AIM OF THE TASK: Please output exactly the part of the records below that opens with the line containing "Capital Plastics 2x2" and closes with the line containing "即使人类在远方你也能看得很清", both lines included, and nothing else.
** RECORD SET follows **
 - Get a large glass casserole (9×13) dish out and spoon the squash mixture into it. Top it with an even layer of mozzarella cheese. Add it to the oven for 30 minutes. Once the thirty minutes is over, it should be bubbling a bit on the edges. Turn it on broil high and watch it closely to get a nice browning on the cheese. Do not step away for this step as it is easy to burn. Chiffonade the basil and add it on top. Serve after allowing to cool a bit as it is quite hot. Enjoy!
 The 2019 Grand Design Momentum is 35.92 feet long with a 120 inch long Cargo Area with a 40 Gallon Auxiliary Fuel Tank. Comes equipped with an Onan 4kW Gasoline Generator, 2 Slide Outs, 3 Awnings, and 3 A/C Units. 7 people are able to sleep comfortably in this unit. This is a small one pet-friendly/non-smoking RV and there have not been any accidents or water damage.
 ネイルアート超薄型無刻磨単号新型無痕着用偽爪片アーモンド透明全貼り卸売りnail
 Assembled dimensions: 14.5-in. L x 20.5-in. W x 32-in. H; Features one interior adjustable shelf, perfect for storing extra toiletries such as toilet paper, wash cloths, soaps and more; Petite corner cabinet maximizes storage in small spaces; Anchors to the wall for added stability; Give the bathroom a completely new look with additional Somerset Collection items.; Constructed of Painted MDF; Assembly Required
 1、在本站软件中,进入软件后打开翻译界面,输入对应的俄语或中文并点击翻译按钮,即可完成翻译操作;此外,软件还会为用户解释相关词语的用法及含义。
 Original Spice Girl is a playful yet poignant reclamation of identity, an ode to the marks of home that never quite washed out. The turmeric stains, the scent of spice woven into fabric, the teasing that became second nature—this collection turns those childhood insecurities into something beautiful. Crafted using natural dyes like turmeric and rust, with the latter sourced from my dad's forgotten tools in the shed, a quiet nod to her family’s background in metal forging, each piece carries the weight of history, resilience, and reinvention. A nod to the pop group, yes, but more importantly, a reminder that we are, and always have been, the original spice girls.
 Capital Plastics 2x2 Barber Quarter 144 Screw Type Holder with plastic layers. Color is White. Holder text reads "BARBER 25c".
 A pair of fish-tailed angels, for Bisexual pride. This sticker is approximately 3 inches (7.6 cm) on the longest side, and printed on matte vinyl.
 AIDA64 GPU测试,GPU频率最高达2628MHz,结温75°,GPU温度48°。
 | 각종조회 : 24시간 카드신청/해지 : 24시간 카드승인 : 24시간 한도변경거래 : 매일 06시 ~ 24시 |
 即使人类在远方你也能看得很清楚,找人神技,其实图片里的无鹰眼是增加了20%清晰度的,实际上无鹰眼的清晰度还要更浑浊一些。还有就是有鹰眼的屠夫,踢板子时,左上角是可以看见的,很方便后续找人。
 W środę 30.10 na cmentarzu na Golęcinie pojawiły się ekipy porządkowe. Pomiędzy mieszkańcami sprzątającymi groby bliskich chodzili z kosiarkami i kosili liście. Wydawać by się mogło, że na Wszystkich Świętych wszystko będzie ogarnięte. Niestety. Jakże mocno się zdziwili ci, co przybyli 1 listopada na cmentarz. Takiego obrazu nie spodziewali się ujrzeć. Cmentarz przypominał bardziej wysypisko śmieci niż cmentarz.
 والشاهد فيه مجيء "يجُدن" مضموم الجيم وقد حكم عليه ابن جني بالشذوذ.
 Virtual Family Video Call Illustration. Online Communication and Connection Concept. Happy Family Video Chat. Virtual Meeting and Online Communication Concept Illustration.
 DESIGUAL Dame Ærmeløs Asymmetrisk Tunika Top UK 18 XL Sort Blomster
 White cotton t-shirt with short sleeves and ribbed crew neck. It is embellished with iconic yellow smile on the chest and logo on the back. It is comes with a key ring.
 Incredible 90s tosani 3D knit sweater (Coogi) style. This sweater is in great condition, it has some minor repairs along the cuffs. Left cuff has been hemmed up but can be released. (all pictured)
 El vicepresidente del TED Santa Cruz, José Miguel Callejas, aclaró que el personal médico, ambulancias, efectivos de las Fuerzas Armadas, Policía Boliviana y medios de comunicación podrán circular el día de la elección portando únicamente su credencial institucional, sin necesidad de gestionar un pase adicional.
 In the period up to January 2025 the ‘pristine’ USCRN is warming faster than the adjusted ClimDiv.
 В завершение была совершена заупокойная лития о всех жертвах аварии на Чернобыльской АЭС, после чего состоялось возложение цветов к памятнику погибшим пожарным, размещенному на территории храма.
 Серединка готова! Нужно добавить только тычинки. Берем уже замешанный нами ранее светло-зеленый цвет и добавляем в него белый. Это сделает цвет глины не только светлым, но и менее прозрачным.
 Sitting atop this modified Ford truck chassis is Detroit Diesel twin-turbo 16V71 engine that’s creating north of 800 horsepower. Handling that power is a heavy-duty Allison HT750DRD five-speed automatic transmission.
** End of RECORD SET **
RESULT FOR THIS TASK:
 Capital Plastics 2x2 Barber Quarter 144 Screw Type Holder with plastic layers. Color is White. Holder text reads "BARBER 25c".
 A pair of fish-tailed angels, for Bisexual pride. This sticker is approximately 3 inches (7.6 cm) on the longest side, and printed on matte vinyl.
 AIDA64 GPU测试,GPU频率最高达2628MHz,结温75°,GPU温度48°。
 | 각종조회 : 24시간 카드신청/해지 : 24시간 카드승인 : 24시간 한도변경거래 : 매일 06시 ~ 24시 |
 即使人类在远方你也能看得很清楚,找人神技,其实图片里的无鹰眼是增加了20%清晰度的,实际上无鹰眼的清晰度还要更浑浊一些。还有就是有鹰眼的屠夫,踢板子时,左上角是可以看见的,很方便后续找人。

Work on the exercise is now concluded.